CrowdStrike (CRWD) reported strong fiscal first-quarter results amid accelerating demand for artificial intelligence, but questions around the company's performance sustainability remain, BofA Securities said in a Thursday client note.
The cybersecurity firm late Wednesday reported adjusted earnings of $1.10 per share for the quarter ended April, up from $0.73 the year before, while revenue climbed 26% to $1.39 billion. Both metrics topped Wall Street's estimates.
The company lifted its net new annual recurring revenue outlook for fiscal 2027 by 520 basis points at the midpoint versus the previous guidance. That reflects stronger demand and improved pipeline visibility, BofA said.
However, CrowdStrike's shares were down 6.9% in Thursday trade. The stock has gained nearly 49% so far this year.
"The key question remains whether this represents a durable reacceleration cycle or a more front loaded demand step up," BofA analysts Tal Liani and Trevor Dodds wrote in the note.

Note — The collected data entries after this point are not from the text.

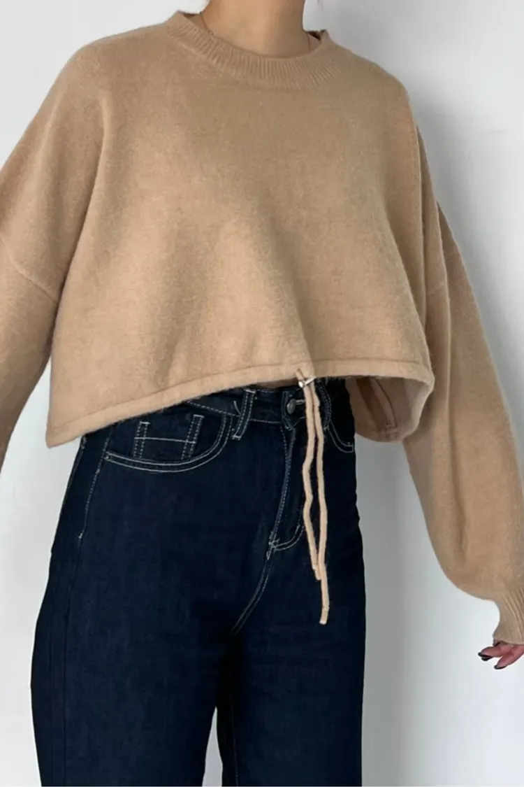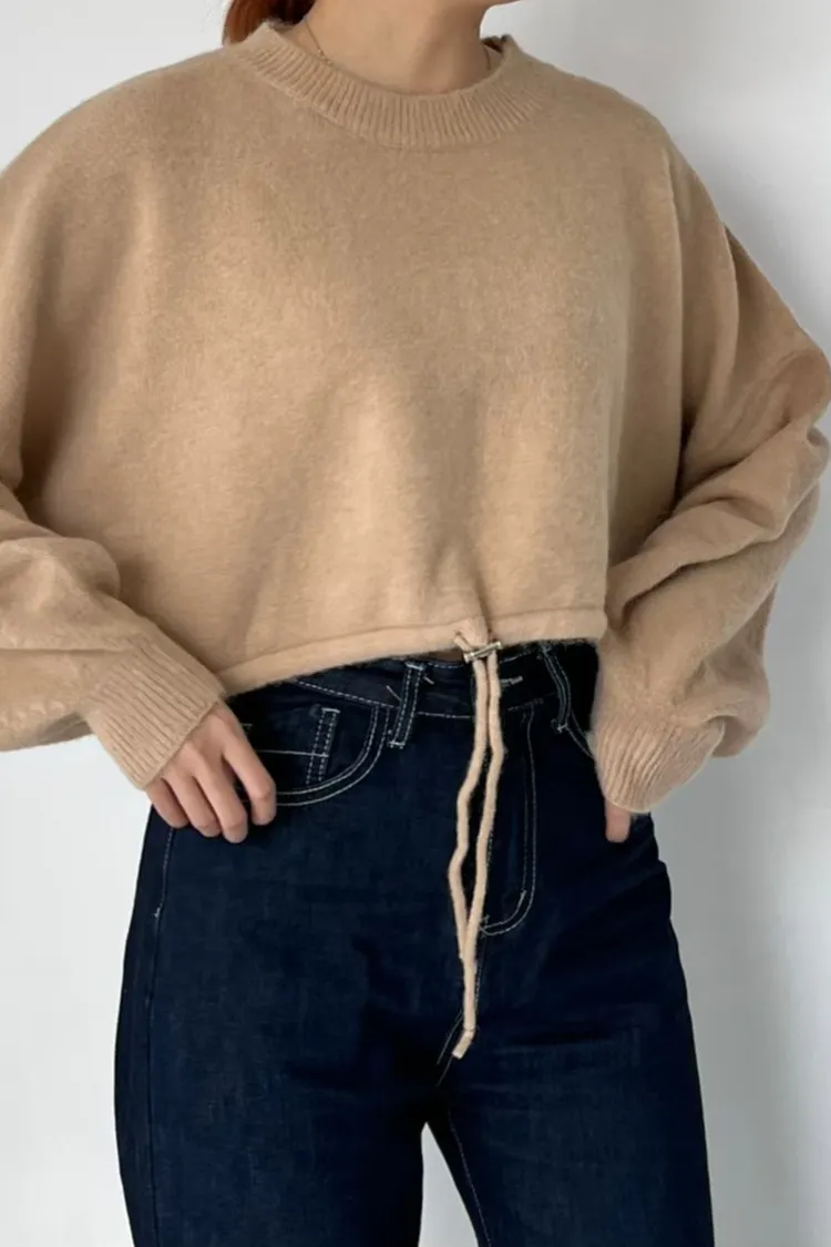 下抽繩設計短毛衣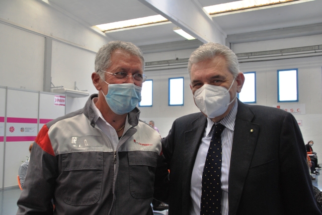Vaccini che anche il personale delle aziende dovranno vedersi inoculati. Tant’è che lo scatto per una foto ricordo è stata quella con Piero Tombolillo, della Prima Sole Components, quale primo dipendente seduto all’interno della sala operativa per attendere il fatidico quarto d’ora prima di andare a casa, ovviamente dopo aver visto la siringa sul braccio per la prima dose.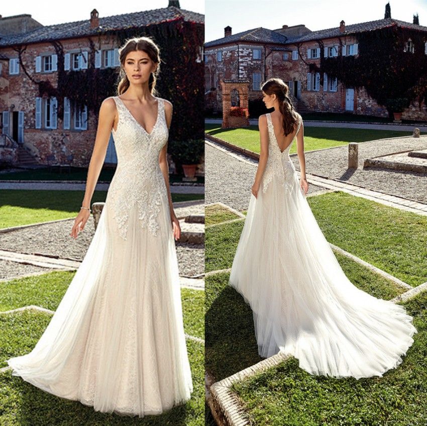 2017 New V Neck Vintage Lace Wedding Dresses Applique Tulle Bridal

The company added more than 300 Falcon Flex accounts in the quarter, Chief Executive George Kurtz said on a conference call, according to a FactSet transcript.
"Flex dynamics have accelerated meaningfully, with faster re-Flex timing at roughly 7 months and higher expansion uplift, raising questions on demand durability into the back half versus more linear expansion last year," Liani and Dodds wrote.

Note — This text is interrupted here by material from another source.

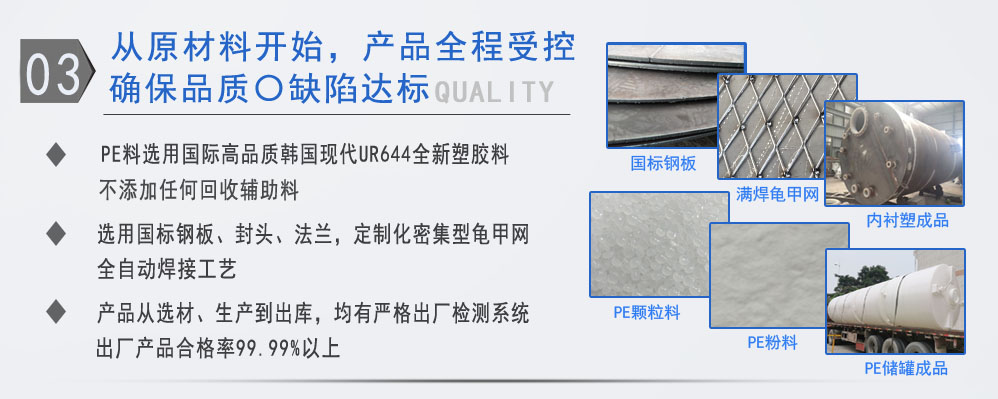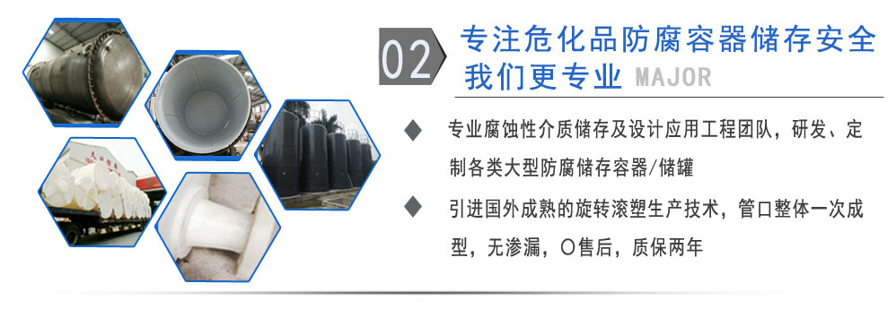 公司有鋼襯塑PE/PO、PE全塑、碳鋼、不銹鋼四大系列100多個(gè)品種,專(zhuān)注于常壓儲(chǔ)存容器生產(chǎn),其產(chǎn)品包括鋼襯塑儲(chǔ)罐、管口一體成型PE儲(chǔ)罐、碳鋼儲(chǔ)罐、不銹鋼儲(chǔ)罐、反應(yīng)釜、攪拌罐、離子交換柱、鋼襯PE/PO儲(chǔ)罐、塑料儲(chǔ)罐、鹽酸儲(chǔ)罐、硫酸儲(chǔ)罐等等。更大限度滿足廣大客戶的各種需求,同時(shí)可以根據(jù)客戶的需要加工定制各種防腐設(shè)備。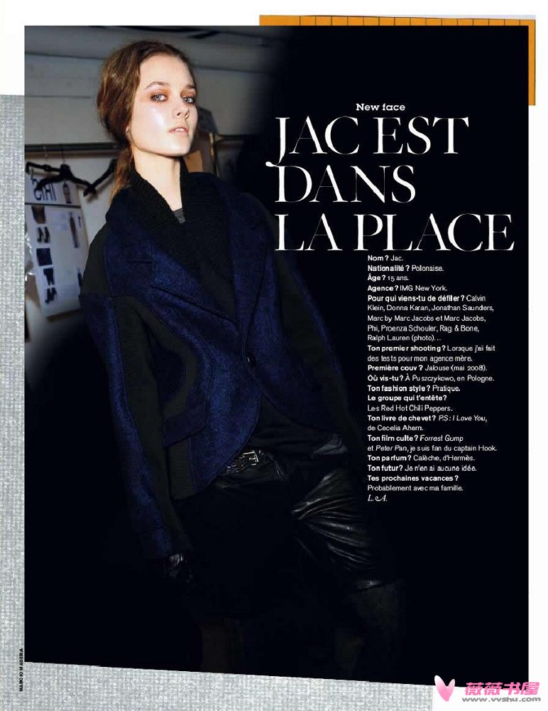 5. jac (img)This Poland native caused quite a stir when she landed a succession of covers and an Hermès campaign at just 13. Two years later, she still had to sit out Paris due to age restrictions, but she closed Marni and was first and last out at Calvin Klein, the Fall campaign of which she scored last week.

While net new ARR grew 32%, total ARR growth of 24% suggests "lagged translation into sustained growth," the duo said.
AI detection and response and AI-driven products are "early cycle contributors versus more mature drivers," adding uncertainty around normalization as adoption scales, according to the brokerage.
BofA reiterated its neutral rating on CrowdStrike's stock and lifted its price objective to $750 from $535.